I didn't want to admit that I was intrigued by this Southern centenarian and the fact that we were distantly related and would be meeting for the first time in London. I didn't want to know that Colin adored her and called her Nana. I wanted to turn back to the airport and return to the stable, uneventful life I'd made for myself in New York City, following in the footsteps of my aunt Cassie. Although she was in advertising and I was a freelance journalist, we'd both wiped the red clay of small-town Georgia off the bottoms of our shoes to start new lives in the big city. She'd lasted ten years, and I had every intention of breaking her record.
Reading Group Guide
The Last Night in London by Karen White
1. What do you think of the ultimate sacrifices both Eva and Precious make? In their position, would you have lived life the way they did?
2. Both Eva and Precious try to change their lives by moving to London—Eva also changes her name and her whole identity. Why do you think they chose to reinvent themselves? Was it in part owing to the time period? Their stations in life? Or their hopes for their future?
3. Eva and Precious have to make very difficult decisions—decisions that betray the dearest person to each of their hearts. Do you sympathize with them about the decisions they made? Or do you think they could have had made different choices?
4. Maddie has a hard time facing the truth. Do you think she addressed her dilemma in a way that others would have? What words of encouragement would you have given her?

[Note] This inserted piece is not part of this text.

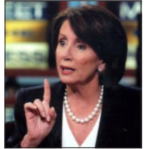
Speaker Nancy Pelosi

House, lower chamber of Congress, are now supporting the Armenian genocide resolution. The number of representatives cosponsoring the measure in late June rose to 218 in the 435-member House.

5. What is it about war—especially World War II—that causes us to reflect on the human condition?
6. Why do you think Precious wanted the truth to finally be told? After all those years, why did she want the secrets to be revealed?
7. For most of her life Eva lived a lie. Who do you think Eva hurt most by living this way? Or do you think she didn’t hurt anyone at all? Did she even hurt herself?
8. Maddie has to deal with the possibility of dying young from cancer, as her mother did, and doesn’t want to have any serious relationships because of her fear. Do you agree with the choices she makes based upon this fear?
9. The things that separated Eva from Graham were very hard to bridge, especially in England before World War II: money, social class, education, family background. Do you think their relationship would have survived if Eva had told Graham the truth about her identity?
10. Do you think Colin’s response to Maddie’s fears is adequate? Do you believe that he is sincere in his promises to her?